Group 12
2022-12-07
Punam Shet
Priyadharshini Kasi
Nikkhil Matthew
Our assigned API was the reddit API. Reddit is a social media platform revolving around text data, often marketed as the “front page of the web”. Content is driven by user interaction such as upvotes and comments.
On January 27, 2021, Game Stop stock price jumped to 350 compared to where it was a few weeks earlier, at 20. This jump caused losses for some US firms and for many brokerage firms to halt trading stocks on its platform.
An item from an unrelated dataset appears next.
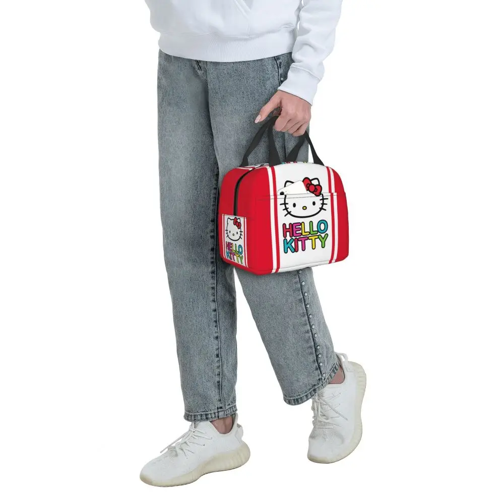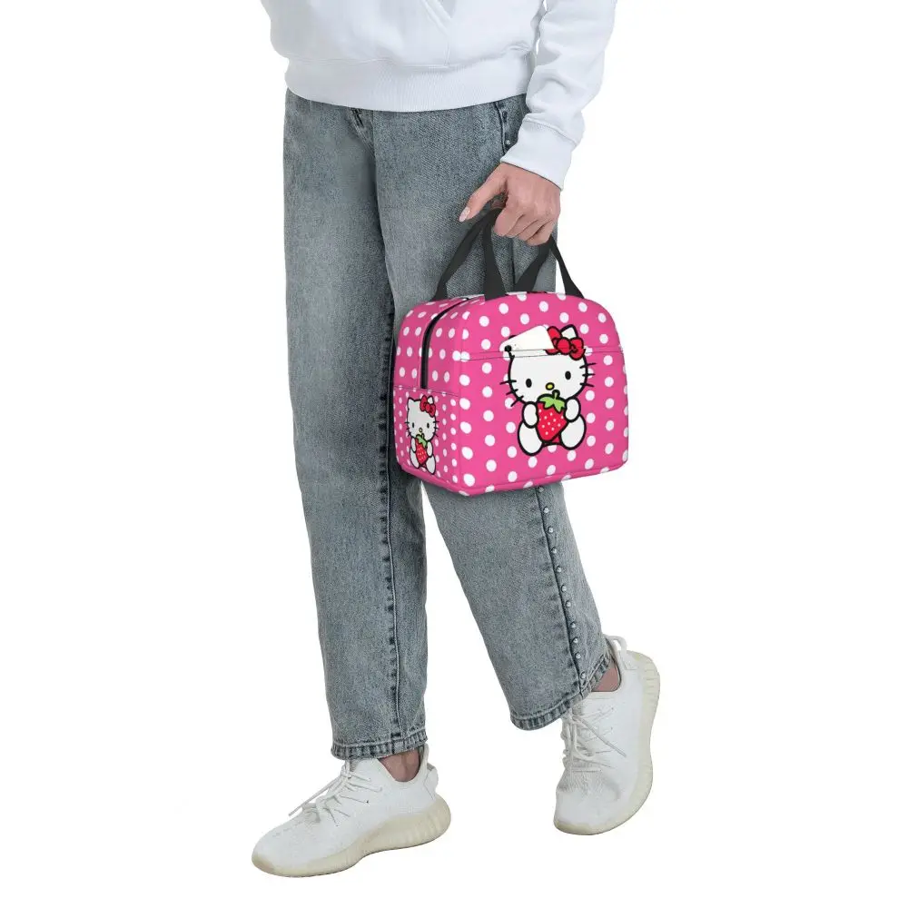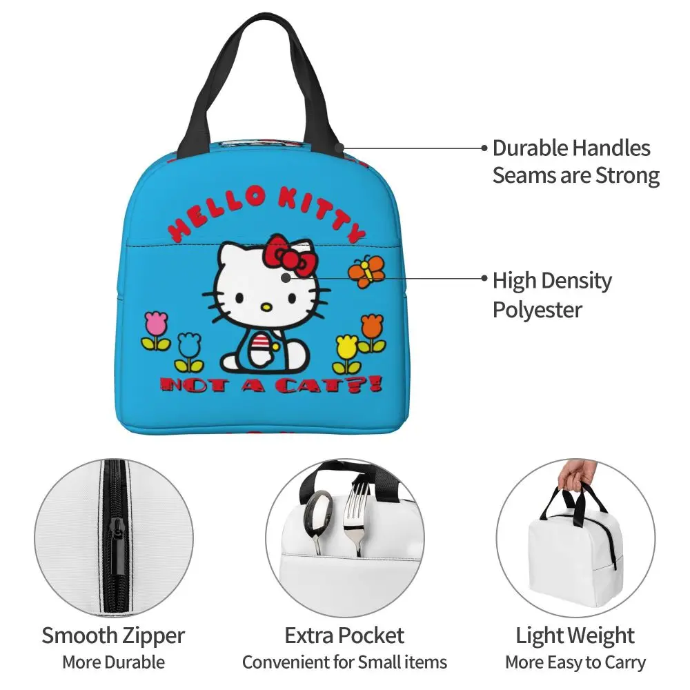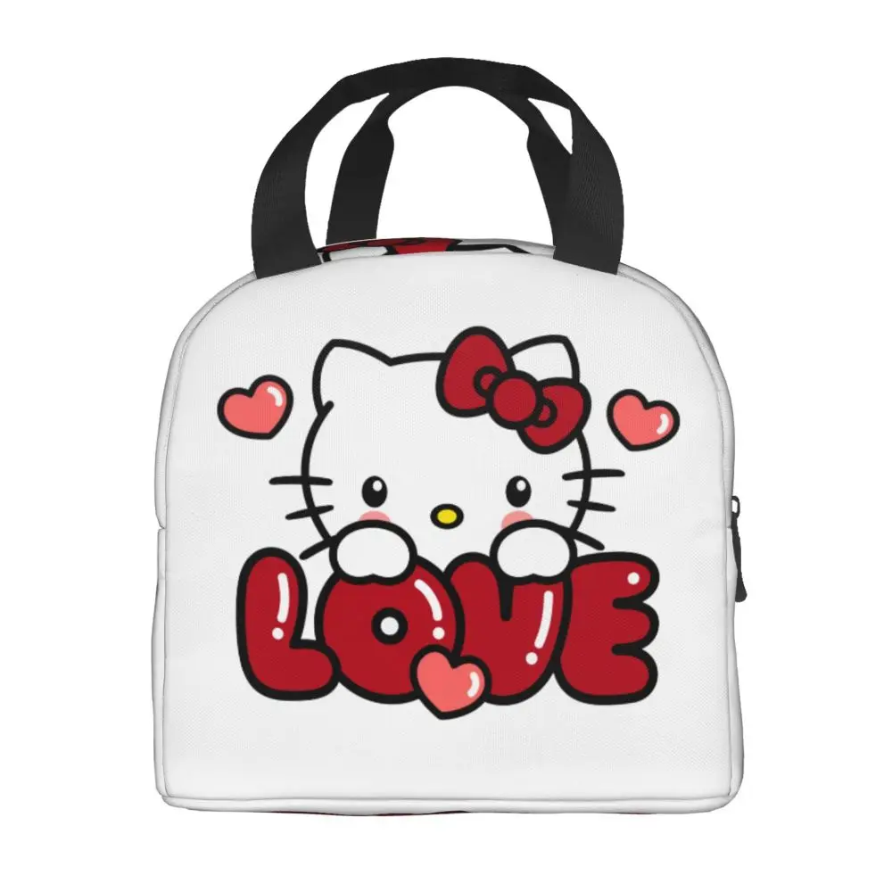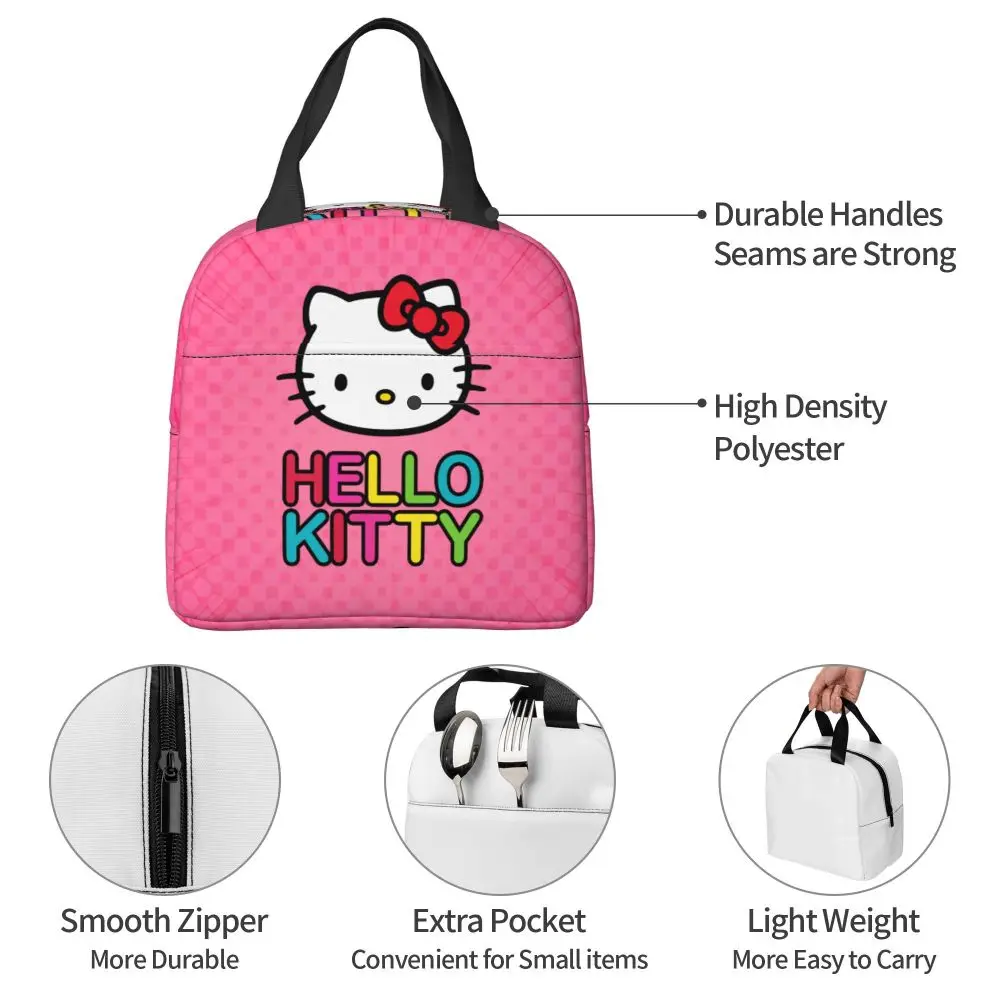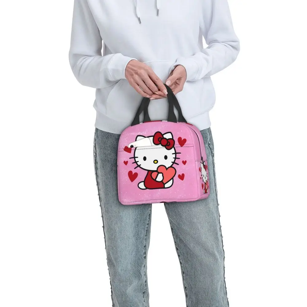 Custom Hello Kitty Cat Lunch Bag Leakproof Cooler Thermal Insulated Bento Box For Women Kids Picnic Travel Food Tote Bags

Many analysts claimed that the subreddit wallstreetbets, where many retail investor analyze and discuss stocks, often using profane jargon, was responsible for the price spike. Analysts asserted that the price increase that these “meme” stocks witnessed were not due to a change in business fundamentals or to an approaching earning call, but it was entirely due to sentiment.
In Project proposal we mentioned that We will doing data cleansing using tidyverse and data visualization using ggplot2. We will also perform NLP analysis to work on text data. For our model we will try to design a RNN( Recurrent neural network)/CNN(Convolutional neural networks)/ANN(Artificial Neural Network)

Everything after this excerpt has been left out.